PESHAWAR: Militants targeted a police vehicle and a security checkpoint with bombs in northwest Pakistan on Thursday, killing four officers and wounding nine others, police said.
Three policemen were killed in the first attack when a remote-controlled bomb destroyed a vehicle carrying police and paramilitary forces in the Bannu district of Khyber Pakhtunkhwa province, said Rafique Khan, a local police official.
Five security personnel were also wounded in the attack, said Khan, who blamed local militants but offered no evidence to back up his claim.
Also Thursday, a bomb ripped through a checkpoint manned by tribal police in Bara, a town near the northwestern city of Peshawar, killing one officer and wounding four others, police official Iqbal Khan said.
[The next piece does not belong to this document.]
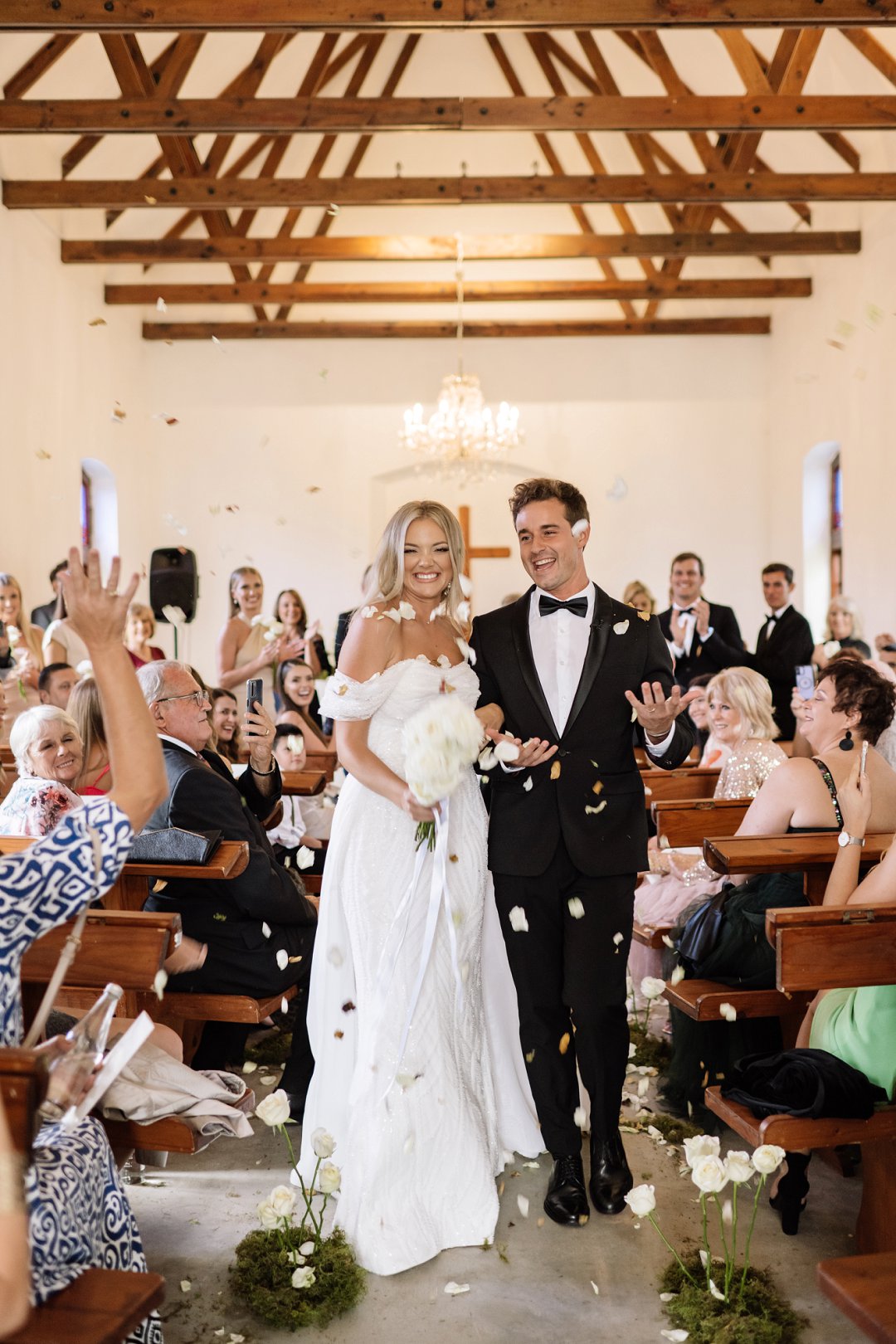 Ons is totaal-en-al dolverlief op die Michelle se trourok! Die lang sluier en oop skouers, te same met die fyn kralewerk detail op die trourok is dit ʼn besonderse trourok wat haar voorkoms baie goed gekomplimenteer het. Die bruidegom se swart troupak met die strikdas is so deftig en werk perfek saam met die troue se styl.

The attacks came a day after a suicide bomber rammed his explosive-laden vehicle into a mosque in Bannu and killed 18 people.
Wednesday’s attack was immediately claimed by the Pakistani Taliban. The Taliban said they were avenging US drone strikes in Pakistan’s tribal belt.
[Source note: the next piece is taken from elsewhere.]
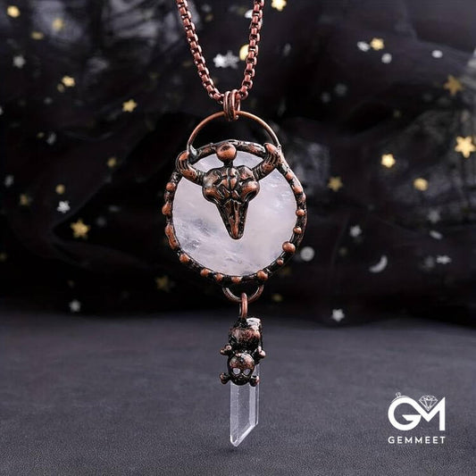 Copper Ox Head With Clear Quartz Gemstone Necklace

“We claim responsibility for this attack. We will continue such attacks unless the drone attacks are stopped,” Taliban spokesman Azam Tariq, speaking from an undisclosed location, told AFP by telephone.
Wednesday’s bomb attack followed a missile strike by an unmanned aircraft on a militant compound in the North Waziristan tribal region at dawn, which killed five militants, security officials said.